All we really need is a bit more government adoption but government IT really is one of those things we should stop throwing money and salesmen at and start throwing geeks at. The "open data" initiatives are a step in the right direction but we still throw billions away on making schools provide themselves with Microsoft software individually. Meanwhile, the kids are all sitting in class with smartphones, have iPads and laptops at home, and could use whatever the hell software you wanted.
To me, if I were a sub-teenager now, I'd be in utopia. Cheap devices that you can change the whole OS on, program on for free, even program for other devices on, and smartphones that you can aim your apps at and that ALL YOUR FRIENDS can then play (who, also, you can talk to at any time of the day or night no matter where they are, and can find new groups of friends in minutes with shared interests), and internet resources to help you do all the above, push it to people and even make money from it.
If I'd had that when I was that age, I *seriously* would never have left the bedroom. I think people underestimate just how much the world has changed recently.
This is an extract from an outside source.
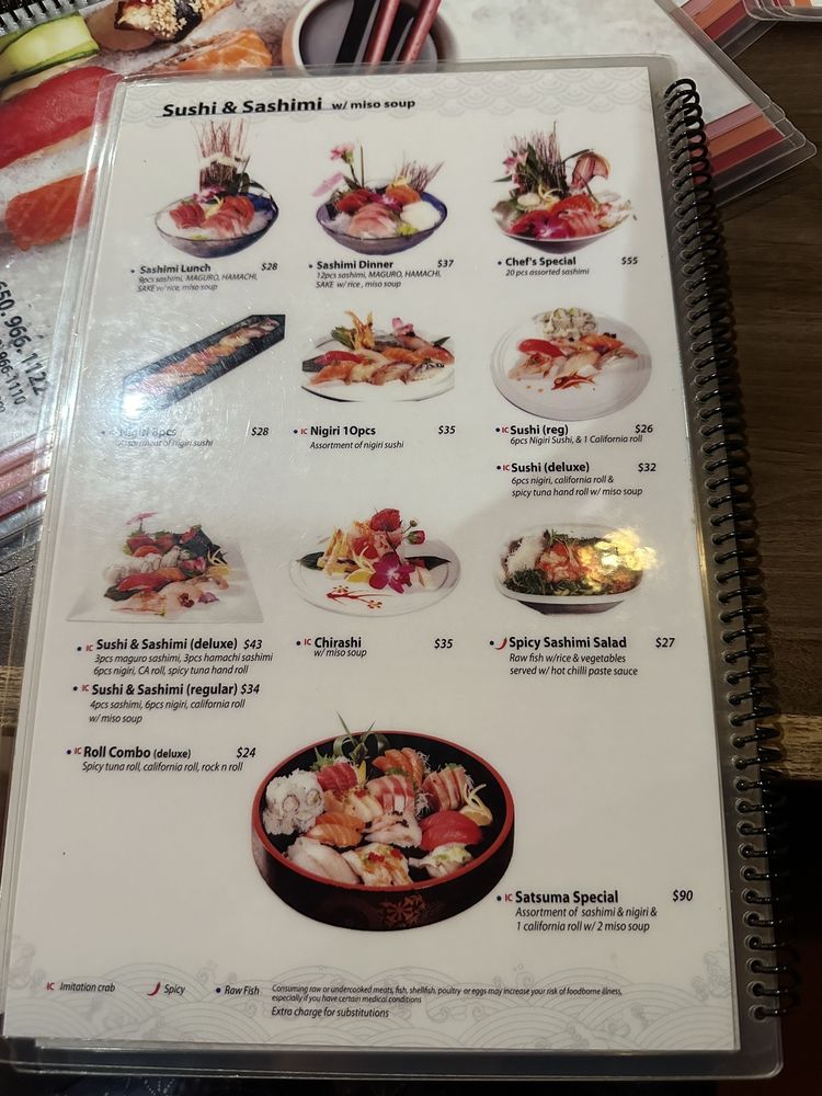 Introducing the menu at Satsuma Sushi, a popular Asian-owned and women-owned restaurant in Mountain View, CA. Known for its fresh fish and attentive service, Satsuma Sushi offers a variety of options including appetizers, sushi rolls, udon, and rice bowls. Customers rave about the sashimi salad and sushi nigiri, while enjoying the affordable pricing and lunch specials. The Okayo Don, a rice bowl filled with veggies, egg, chicken, and a sweet sauce, is a standout dish. With a casual atmosphere, wheelchair accessibility, and outdoor seating, Satsuma Sushi caters to a diverse range of diners. Whether you're looking for a quick lunch or a group dinner, Satsuma Sushi provides a welcoming environment with delicious Japanese cuisine.

Sure, there are still lots of unsolved problems (securing a corporate network against such devices, preventing inappropriate usage, etc.) but for your average person, and your dedicated geek, the world is slowly creeping towards science fiction.
Imagine in your early PC days if someone had said "Oh yeah, and this entire office suite is free and runs exactly the same on this touchscreen device the size of a credit card that anyone can have at a reasonable price, that also happens to be a general purpose computer with an open OS on it and powerful enough to take just about anything you throw at it because we got stuck at about 2-3GHz and haven't really progressed past that yet." You'd have not touched it for being quite obvious vapourware back then.
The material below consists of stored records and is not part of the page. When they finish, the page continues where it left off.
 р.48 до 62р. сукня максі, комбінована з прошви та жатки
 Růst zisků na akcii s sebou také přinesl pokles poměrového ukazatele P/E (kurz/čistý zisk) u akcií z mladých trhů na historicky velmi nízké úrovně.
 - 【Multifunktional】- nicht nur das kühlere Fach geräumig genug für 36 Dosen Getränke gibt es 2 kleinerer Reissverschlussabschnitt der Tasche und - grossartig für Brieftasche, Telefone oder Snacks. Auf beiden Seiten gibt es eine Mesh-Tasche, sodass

Have a look at Thunderbird (e-mail) with the Lightening (calendar) plugin. I use Lightening to display and modify my different Google calendars, since you can have calendar files stored on any network location (including the internet). You can convert a calendar event to an email invitation and I think you can have emailed invitations go to your calendar. It's all free so you might as well play with it.
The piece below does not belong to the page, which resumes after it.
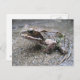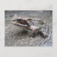 Carte postale de grenouille. Ce petit amphibien (Rana temporaria) est magnifiquement camouflé sur le pas de pierre. il est en regard de verre en regardant dehors. Vous pouvez customiser ceci en ajoutant du texte. (ribbit, croak ou prince viennent à l'esprit)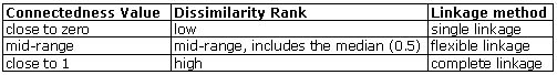 The connectedness parameter sets the type of flexible linkage clustering. Connectedness can be between but not include 0 and 1. BoundarySeer calculates the dissimilarity metric for all the locations in each of the two compared clusters and then sorts the list for each cluster. The connectedness parameter tells BoundarySeer where on the list of dissimilarity metrics to compare values.

As a business user I think this is wonderful news; they're really raising their standard a /lot/ (keep in mind: I never followed Libreoffice before the OpenOffice fall).
I do hope that they'll also manage to embed access to such cloud services into the office applications themselves; best of both worlds! For example; say people can share templates and such in the cloud; it will be very easy for users if they can access (search & open) those templates straight from within the office application itself.
And that's obviously not mentioning support to store documents onto an online storage medium as well.
The advantage you have when this is embedded in an application (IMO anyway) is that you get the best from both worlds as user. If required you can easily access, edit and re-publish online documents. Or work entirely online (from the "cloud"). BUT... Should your internet connection suddenly fail you can still continue working on stuff residing on your own computer; iow you're not depending on an always available Internet connection.
Alas.. I think this is good news and I hope they keep it up!
Sure; I'm already deeply involved with the 'competition' and simply can't afford to "just" move away (the time that takes alone would be a major investment for me). But that doesn't mean that I don't enthusiastically follow these developments. I'm definitely going to be checking out the upcoming releases again (no, not to check which one is "better", to check how well it works and what has changed, and how and if it could suit some of my customers / friends). IMO people should try that more often; keeping an open mind on these things.